No i nadszedł czas powodzi.
Hurricane posikał się tak obficie, że X Cube Mini zamienił się w świąteczną choinkę. Główne zwarcie występuje na przycisku "+" i (chyba) innych, gdyż prócz często samoczynnie zwiększającej się mocy również często samoczynnie zmieniają się tryby pracy (norm, soft, hard etc.) w Watt mode (i analogicznie samoczynnie wzrasta nastawienie temperatury w TC), przycisk "+" przestał klikać, tylko chodzi miękko, a do tego permanentnie świeci się w kolorze krwistoczerwonym pasek LED pod przyciskiem
Kąpiel w izopropanolu to moja pierwsza myśl, jednak po rozkręceniu obudowy napotkałem taki problem, że aby wyjąć płytki sterujące, musiałbym pozrywać przylutowane do nich przewody, a nie mam jak tego z powrotem polutować. Do tego ekranik jest kilka milimetrów od wadliwego przycisku "+" i trochę się o niego obawiam.
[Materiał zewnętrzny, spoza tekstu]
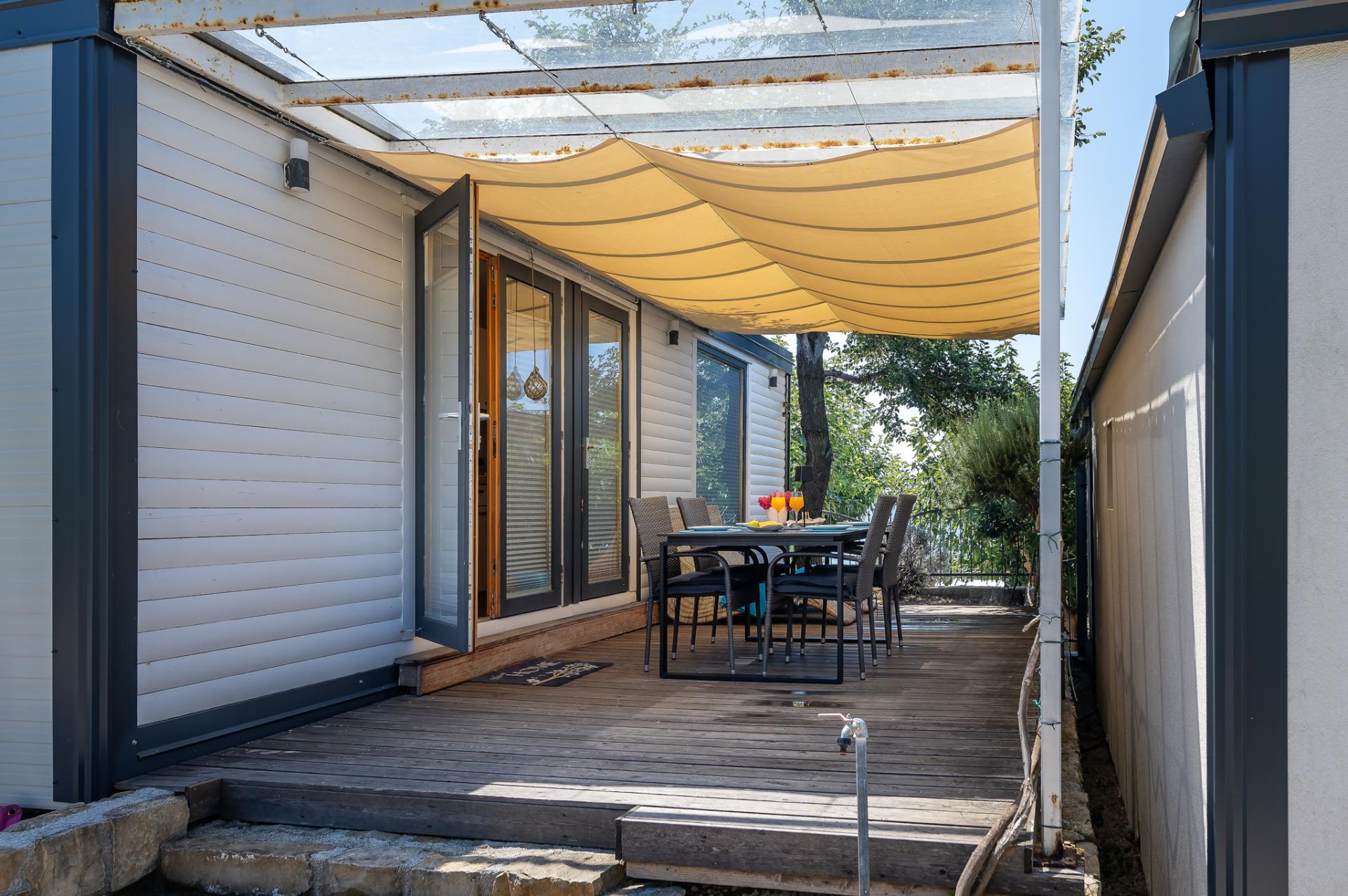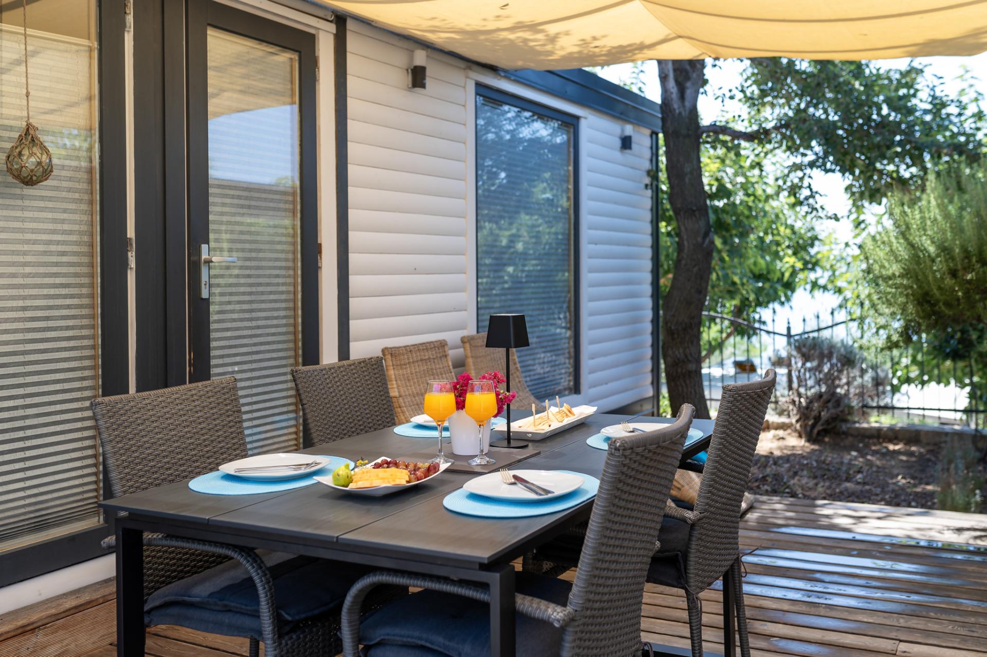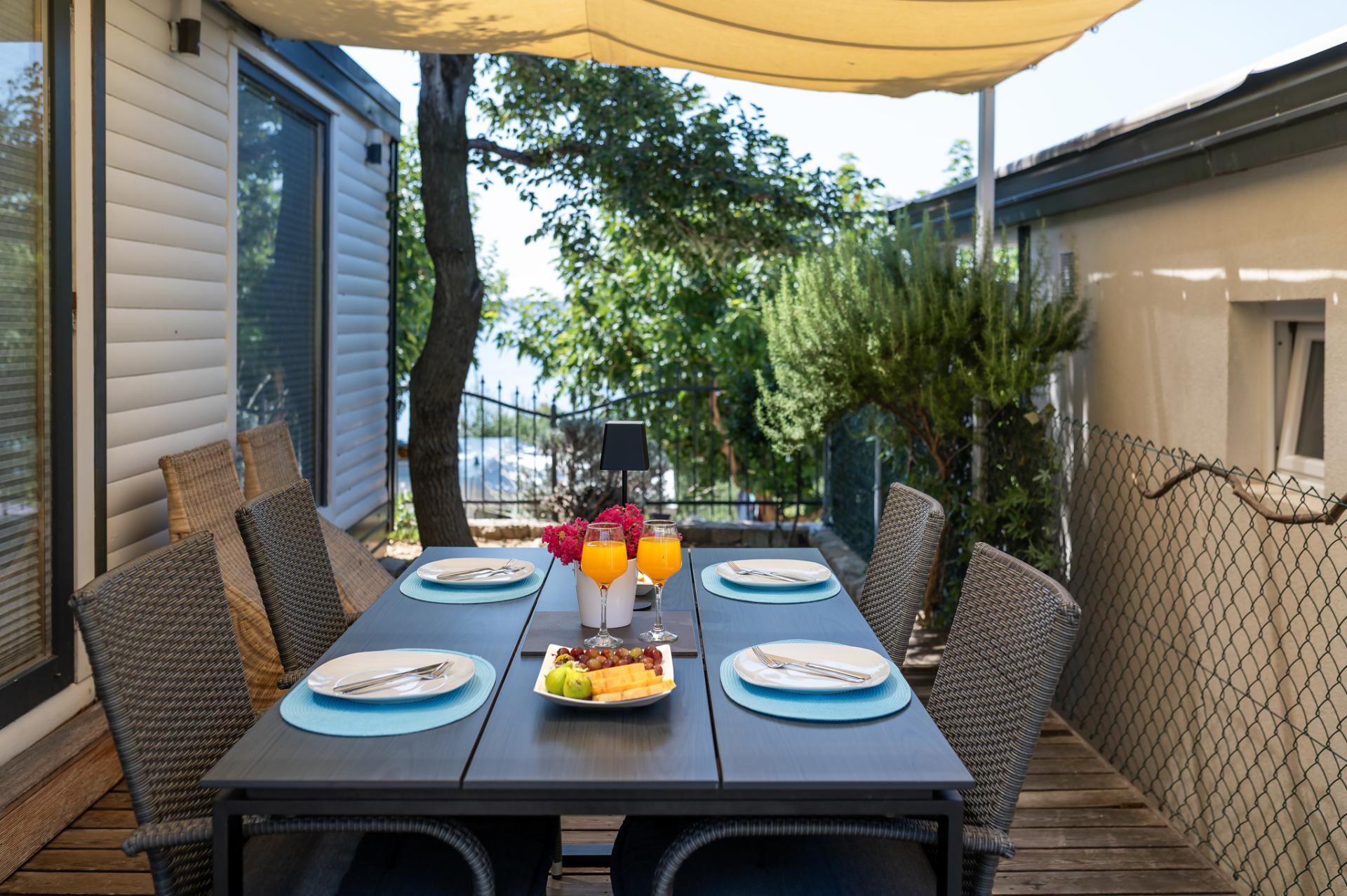 It is predestinated for 4 persons. One big double bed is hidden in a dining room wall. You open it in the evening and close it back in the morning to have more space during the day. The same foldable bed is also hidden behind sofa in a living room. Living room offers SAT TV and air-condition. In the middle is situated the kitchen with a cooker, oven, fridge and all dishes. Behind the kitchen is spacious bathroom with a shower. Anchor Home has also spacious and private terrace. You have WIFI covered in all mobile home. Dimensions in total are 28 m2.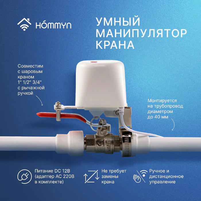 Манипулятор шарового крана электрический Hommyn WZB400W - предназначен для перекрытия кранов в системах водоснабжения.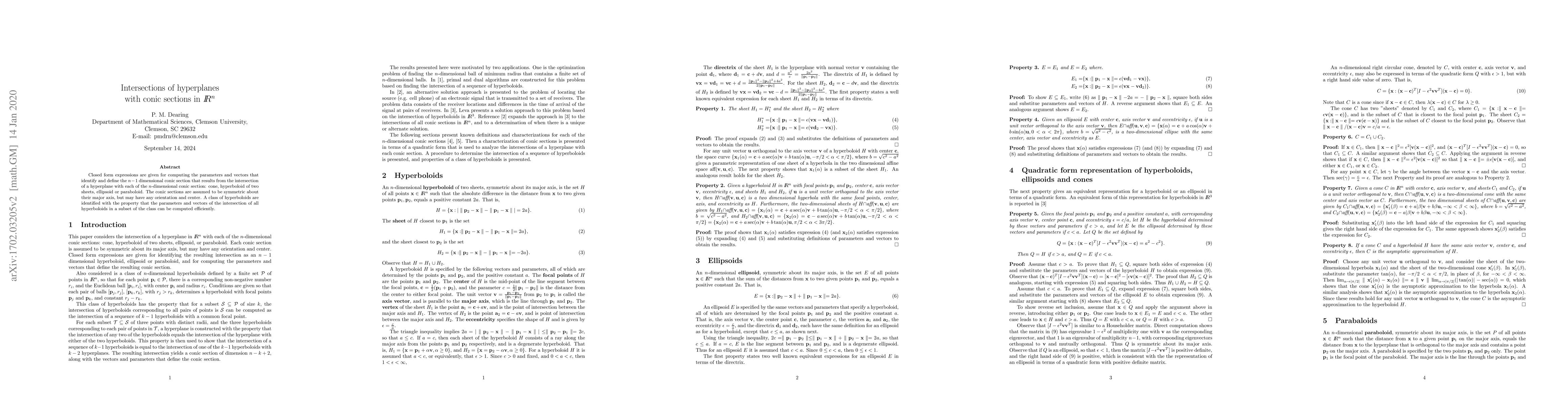 Closed form expressions are given for computing the parameters and vectors that identify and define the $n-1$ dimensional conic section that results from the intersection of a hyperplane with an $n$-dimensional conic section: cone, hyperboloid of two sheets, ellipsoid or paraboloid. The conic sections are assumed to be symmetric about their major axis, but may have any orientation and center. A class of hyperboloids are identified with the property that the parameters and vectors of the intersection of all hyperboloids in a subset of the class can be computed efficiently.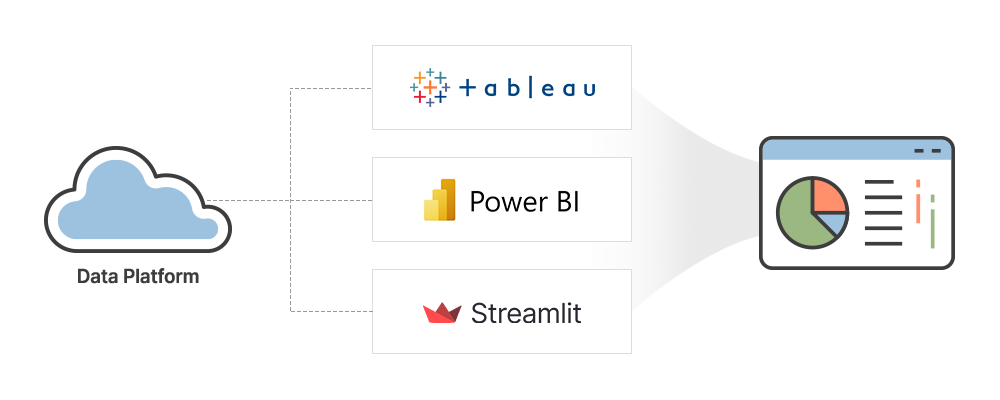 맞춤형으로 구축된 데이터 플랫폼에 Tableau, Power BI, Streamlit 등 최신 BI 솔루션을 연결하여 누구나 쉽고 직관적으로 이해할 수 있는 대시보드를 기획, 구축합니다.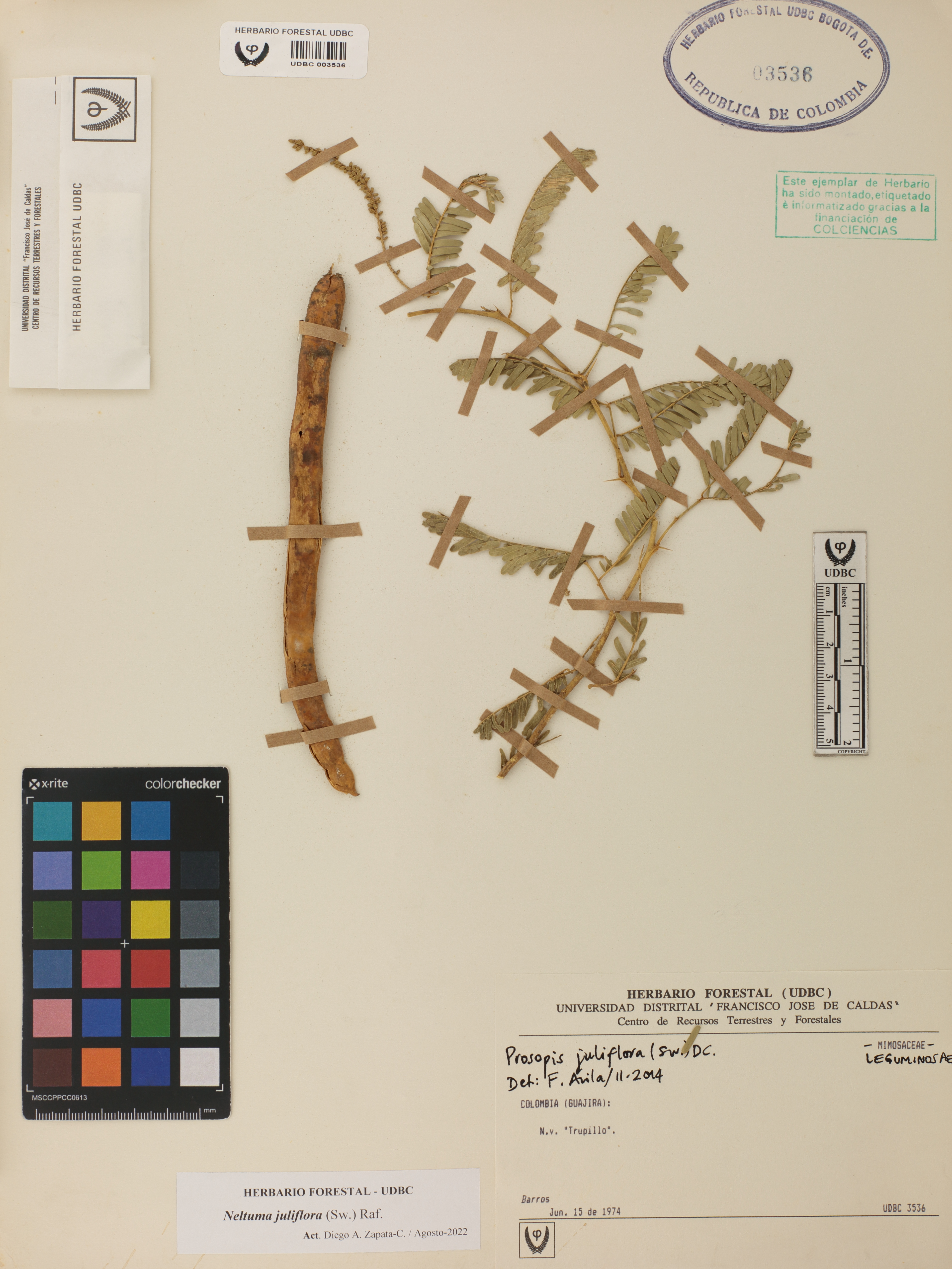 Fotografía del ejemplar Barros, J., determinado como Neltuma juliflora en el año 2014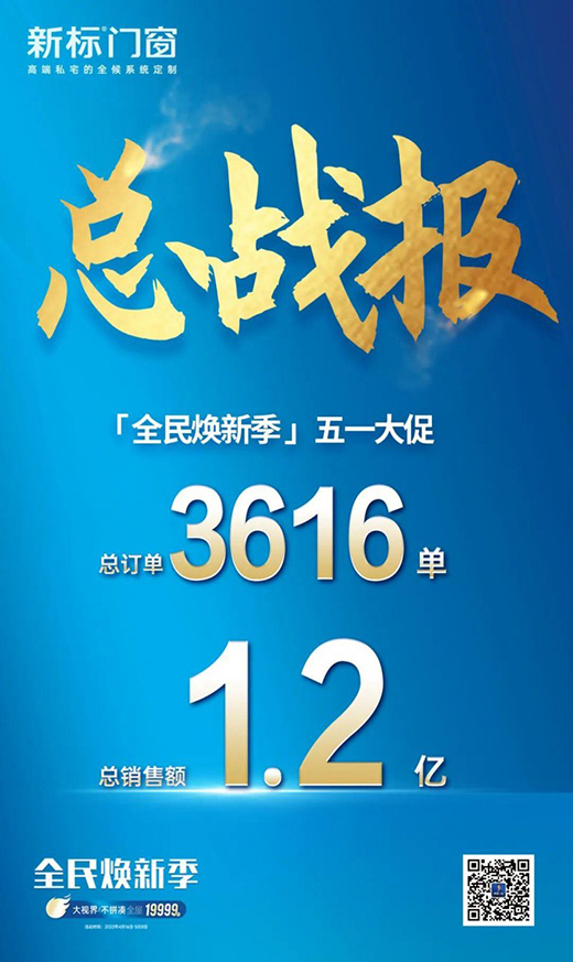 新標(biāo)門(mén)窗五一大促銷售額破1.2億元,圓滿收官!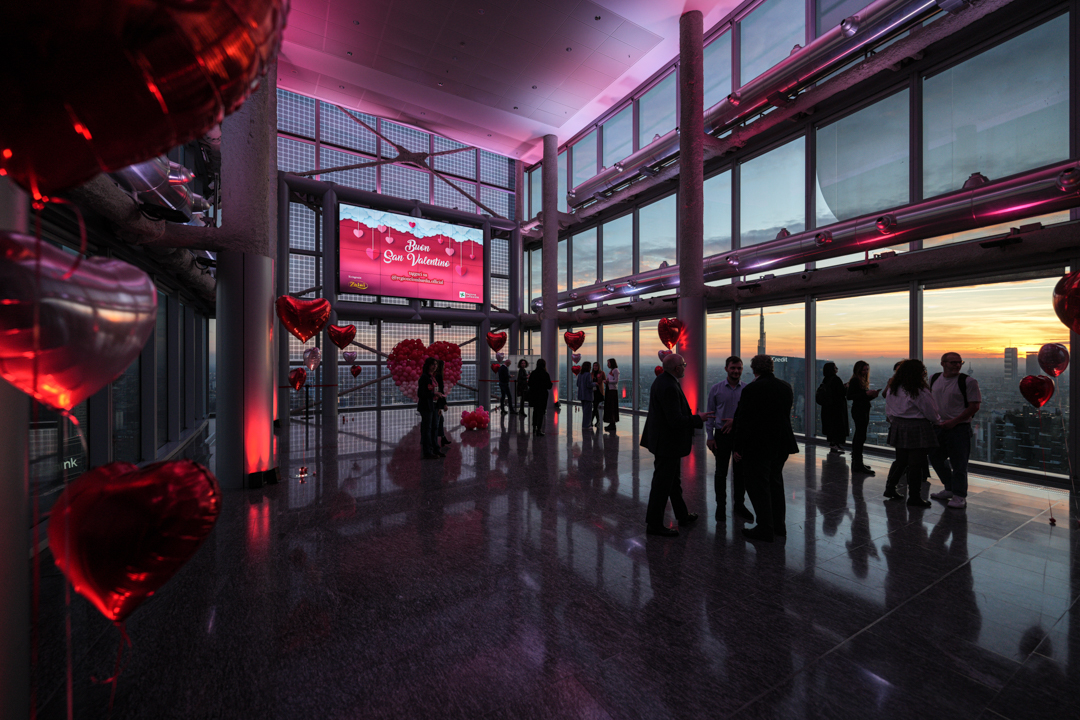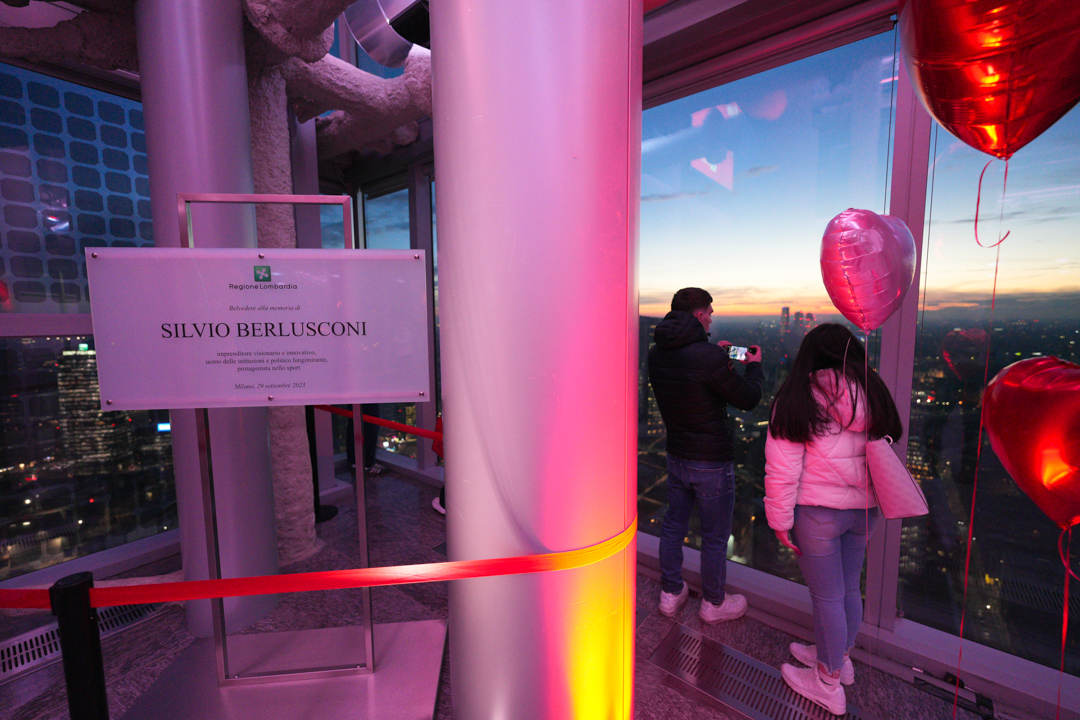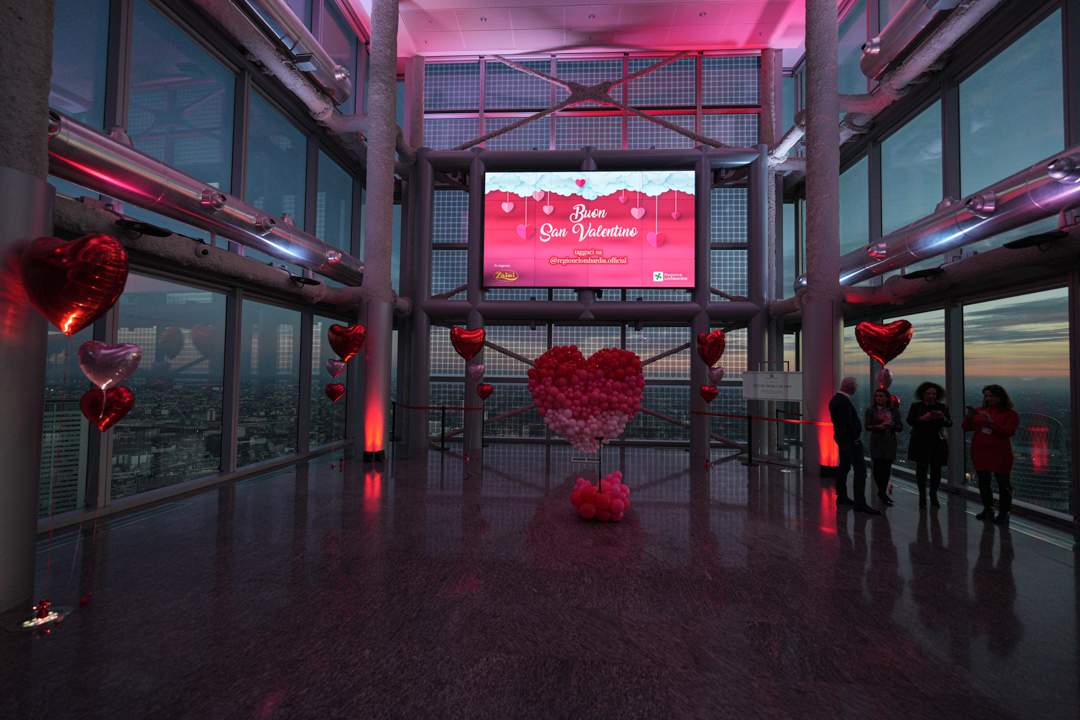 Dalle ore 18 fino alle 22, la sede della Regione Lombardia ha aperto le porte agli innamorati offrendo un tramonto mozzafiato e una scenografia di palloncini a forma di cuore in tutte le tinte del rosso. Circa 3.000 le persone che si sono registrate per accedere al Belvedere Silvio Berlusconi.

Czy tę elektronikę, która po części jest już na wierzchu, jednak wciąż połączona przewodami z obudową, a z jej drugiej strony wciśnięty jest przycisk fire na całej długości płytki sterującej (który nie wiem jak wymontować - nie chcę torbić na siłę), powinienem przelać izopropanolem, odstawić do schnięcia i trzymać kciuki, może wykąpać to razem z obudowami (co pewnie będzie skutkowało zejściem powłok lakierniczych) czy oddać do serwisu GSM i pożegnać się co najmniej z Władkiem II Jagiełło?
W środku nie zaznałem dużej obecności liquidu. Ot, miejscami mini krople i widoczne pod światło drobne odbłyski cieczy na płytkach.